> [EXERCISE DESCRIPTION]
Below are entries; repeat exactly, and nothing else, the lines from the one holding "как выглядит Zebra" through the one holding "破位边缘的阻力位 ,阻力价格2.150,可信任强度83.36%,其距离最后价格2.500相差 -14.00%", inclusive. Leave the pictures out.

> [SOURCE DATA]

- - -

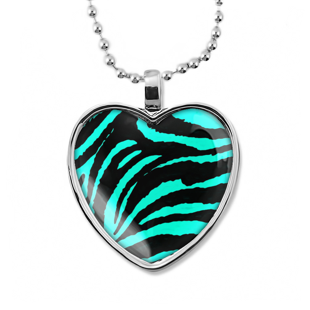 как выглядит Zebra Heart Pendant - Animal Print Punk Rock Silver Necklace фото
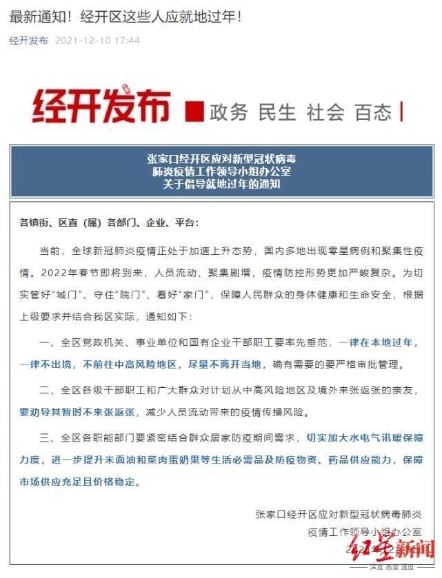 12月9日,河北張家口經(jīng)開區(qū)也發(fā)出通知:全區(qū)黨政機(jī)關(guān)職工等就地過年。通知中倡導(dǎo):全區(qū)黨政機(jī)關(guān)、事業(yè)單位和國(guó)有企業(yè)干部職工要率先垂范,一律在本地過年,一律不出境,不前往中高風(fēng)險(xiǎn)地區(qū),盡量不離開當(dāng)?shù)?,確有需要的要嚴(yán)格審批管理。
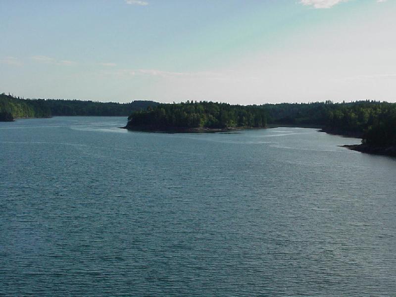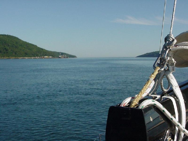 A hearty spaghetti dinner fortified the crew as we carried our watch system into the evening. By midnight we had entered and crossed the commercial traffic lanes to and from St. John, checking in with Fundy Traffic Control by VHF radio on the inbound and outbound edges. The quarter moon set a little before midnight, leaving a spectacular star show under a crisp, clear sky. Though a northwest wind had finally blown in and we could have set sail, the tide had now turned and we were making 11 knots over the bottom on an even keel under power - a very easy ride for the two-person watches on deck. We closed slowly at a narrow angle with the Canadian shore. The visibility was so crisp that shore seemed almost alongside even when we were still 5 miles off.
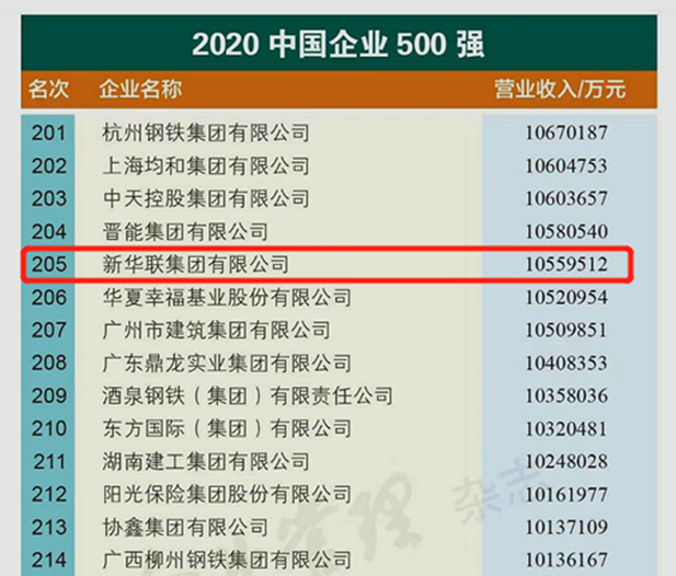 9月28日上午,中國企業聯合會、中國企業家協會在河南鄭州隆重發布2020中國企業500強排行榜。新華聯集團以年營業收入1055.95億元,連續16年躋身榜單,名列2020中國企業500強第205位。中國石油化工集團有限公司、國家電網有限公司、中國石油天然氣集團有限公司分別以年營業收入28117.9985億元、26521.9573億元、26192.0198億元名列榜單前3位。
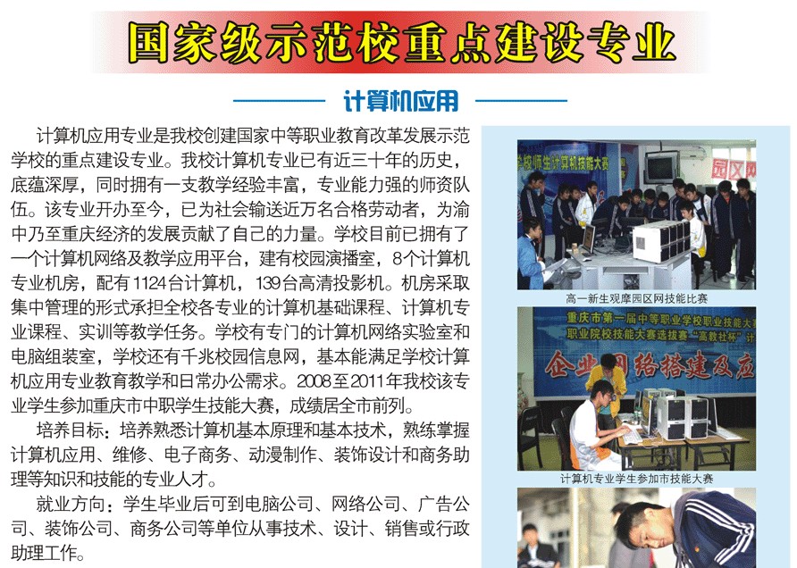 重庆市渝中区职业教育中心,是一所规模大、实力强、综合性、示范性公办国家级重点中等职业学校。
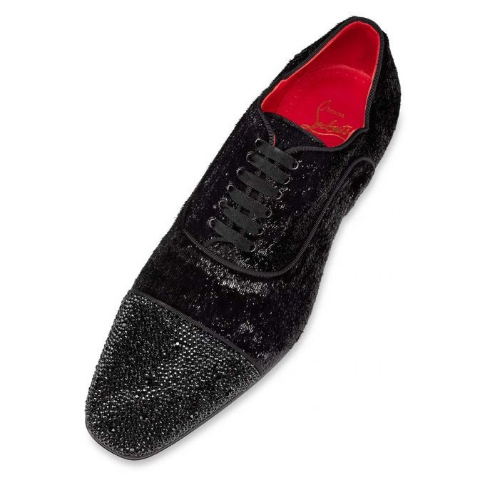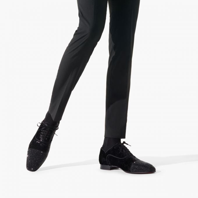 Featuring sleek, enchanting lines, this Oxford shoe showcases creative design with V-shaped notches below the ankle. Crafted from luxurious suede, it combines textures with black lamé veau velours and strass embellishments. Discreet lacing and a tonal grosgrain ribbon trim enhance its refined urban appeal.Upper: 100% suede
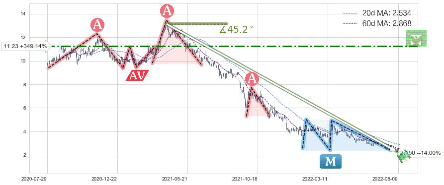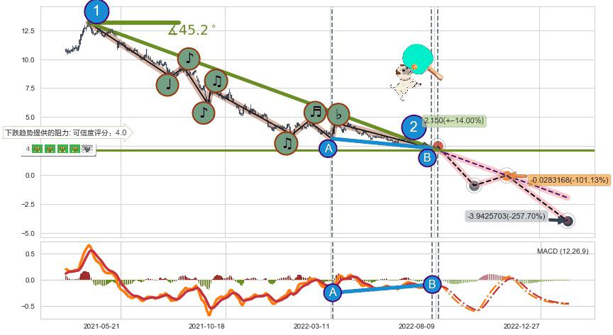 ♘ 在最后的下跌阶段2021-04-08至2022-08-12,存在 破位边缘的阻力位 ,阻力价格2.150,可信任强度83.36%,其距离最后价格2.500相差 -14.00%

- - -

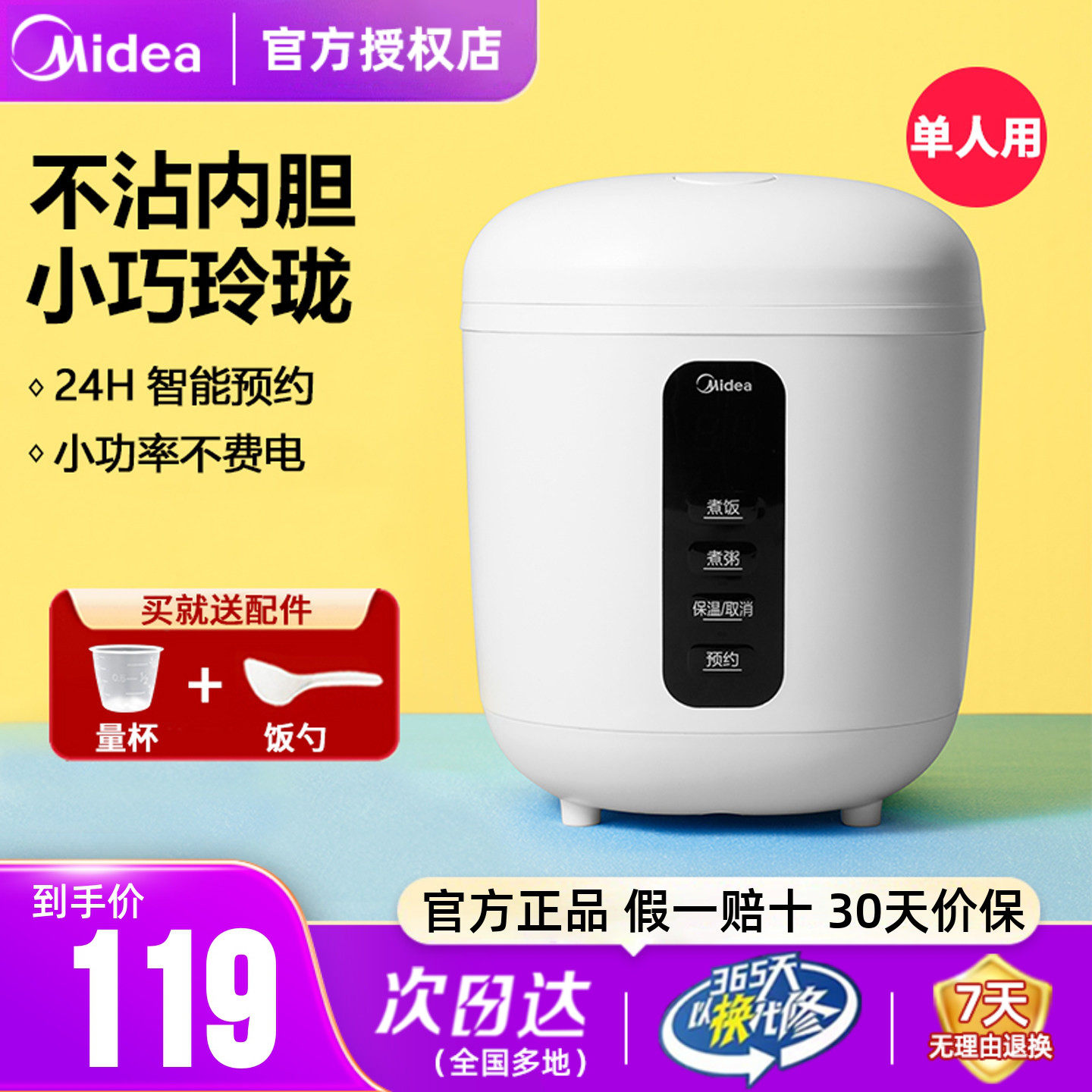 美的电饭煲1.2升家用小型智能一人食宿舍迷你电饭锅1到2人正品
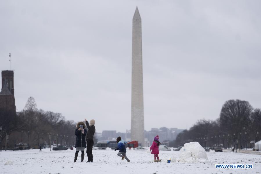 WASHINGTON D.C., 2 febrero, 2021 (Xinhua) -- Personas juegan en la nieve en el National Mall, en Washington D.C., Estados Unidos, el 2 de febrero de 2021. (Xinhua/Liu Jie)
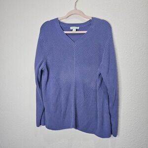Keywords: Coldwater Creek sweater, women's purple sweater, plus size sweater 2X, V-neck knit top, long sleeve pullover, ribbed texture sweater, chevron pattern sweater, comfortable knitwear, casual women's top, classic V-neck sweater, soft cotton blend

- - -

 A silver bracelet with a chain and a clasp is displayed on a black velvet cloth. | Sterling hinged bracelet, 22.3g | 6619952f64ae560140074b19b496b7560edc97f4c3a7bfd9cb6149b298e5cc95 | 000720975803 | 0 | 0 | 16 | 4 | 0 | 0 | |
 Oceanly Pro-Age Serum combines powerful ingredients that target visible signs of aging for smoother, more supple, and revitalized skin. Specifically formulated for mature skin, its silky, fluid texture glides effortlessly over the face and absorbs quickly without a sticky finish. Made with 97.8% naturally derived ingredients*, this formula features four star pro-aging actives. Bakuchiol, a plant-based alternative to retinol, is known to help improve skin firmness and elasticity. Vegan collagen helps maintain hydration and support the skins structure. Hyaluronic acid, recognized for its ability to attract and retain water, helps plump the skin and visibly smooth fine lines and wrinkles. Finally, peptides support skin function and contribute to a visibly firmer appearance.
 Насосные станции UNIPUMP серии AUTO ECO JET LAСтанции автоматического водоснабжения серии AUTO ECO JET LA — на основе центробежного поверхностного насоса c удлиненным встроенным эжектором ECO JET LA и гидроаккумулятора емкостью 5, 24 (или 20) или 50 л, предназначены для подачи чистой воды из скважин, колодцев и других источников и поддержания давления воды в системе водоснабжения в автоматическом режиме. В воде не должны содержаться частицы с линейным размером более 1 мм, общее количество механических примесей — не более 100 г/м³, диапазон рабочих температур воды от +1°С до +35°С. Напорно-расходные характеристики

- - -

> [EXPECTED ANSWER]
 как выглядит Zebra Heart Pendant - Animal Print Punk Rock Silver Necklace фото
 12月9日,河北張家口經(jīng)開區(qū)也發(fā)出通知:全區(qū)黨政機(jī)關(guān)職工等就地過年。通知中倡導(dǎo):全區(qū)黨政機(jī)關(guān)、事業(yè)單位和國(guó)有企業(yè)干部職工要率先垂范,一律在本地過年,一律不出境,不前往中高風(fēng)險(xiǎn)地區(qū),盡量不離開當(dāng)?shù)?,確有需要的要嚴(yán)格審批管理。
 A hearty spaghetti dinner fortified the crew as we carried our watch system into the evening. By midnight we had entered and crossed the commercial traffic lanes to and from St. John, checking in with Fundy Traffic Control by VHF radio on the inbound and outbound edges. The quarter moon set a little before midnight, leaving a spectacular star show under a crisp, clear sky. Though a northwest wind had finally blown in and we could have set sail, the tide had now turned and we were making 11 knots over the bottom on an even keel under power - a very easy ride for the two-person watches on deck. We closed slowly at a narrow angle with the Canadian shore. The visibility was so crisp that shore seemed almost alongside even when we were still 5 miles off.
 9月28日上午,中國企業聯合會、中國企業家協會在河南鄭州隆重發布2020中國企業500強排行榜。新華聯集團以年營業收入1055.95億元,連續16年躋身榜單,名列2020中國企業500強第205位。中國石油化工集團有限公司、國家電網有限公司、中國石油天然氣集團有限公司分別以年營業收入28117.9985億元、26521.9573億元、26192.0198億元名列榜單前3位。
 重庆市渝中区职业教育中心,是一所规模大、实力强、综合性、示范性公办国家级重点中等职业学校。
 Featuring sleek, enchanting lines, this Oxford shoe showcases creative design with V-shaped notches below the ankle. Crafted from luxurious suede, it combines textures with black lamé veau velours and strass embellishments. Discreet lacing and a tonal grosgrain ribbon trim enhance its refined urban appeal.Upper: 100% suede
 ♘ 在最后的下跌阶段2021-04-08至2022-08-12,存在 破位边缘的阻力位 ,阻力价格2.150,可信任强度83.36%,其距离最后价格2.500相差 -14.00%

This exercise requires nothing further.